# Anyone here ride the Coaster?



## MIrailfan (Dec 16, 2019)

If so, opinions?


----------



## Seaboard92 (Dec 17, 2019)

I have a long time ago. It’s just a normal commuter train. Not that special. The Pacific Surfliner runs the same route and the equipment is better and you get AGR points for it. The scenery is great. 

Now the sprinter connects with both at Oceanside.


----------



## MIrailfan (Dec 19, 2019)

true but Amtrak costs double.


----------



## TinCan782 (Dec 19, 2019)

Seaboard92 said:


> I have a long time ago. It’s just a normal commuter train. Not that special. The Pacific Surfliner runs the same route and the equipment is better and you get AGR points for it. The scenery is great.
> 
> Now the sprinter connects with both at Oceanside.

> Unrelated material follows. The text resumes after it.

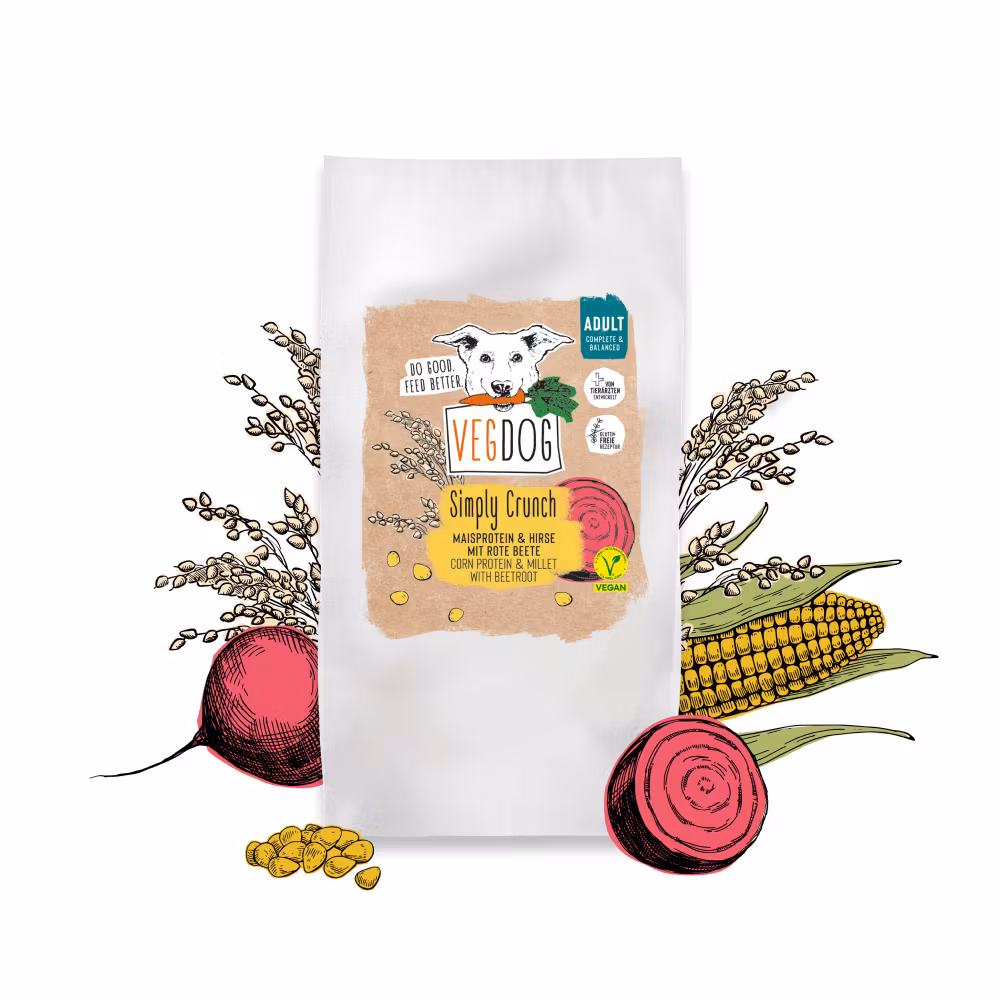 VEGDOG SIMPLY CRUNCH är ett glutenfritt, lättsmält foder som lämpar sig för hundar med allergier och känsliga magar.
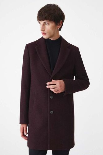 Medicine płaszcz z domieszką wełny męski kolor bordowy przejściowy

You can also connect with Metrolink (also a commuter train) at Oceanside to get to LA.


----------



## MIrailfan (Feb 19, 2021)

Coaster is way cheaper than amtrak


----------



## neroden (Mar 2, 2021)

It's fine. I've taken the Coaster to the station for Legoland.


----------



## Cal (Mar 9, 2021)

I've ridden Coaster a few times. It's comfortable, clean, fast (meaning it doesn't just go 50mph). I believe there is free WiFi. Trains have a good OTP. 

If you are thinking about taking it over Amtrak, you get the same views, less amenities. But it's much cheaper than Amtrak.


----------



## me_little_me (Mar 9, 2021)

I don't ride coasters. Make me nauseous. Even the little kiddie ones.


----------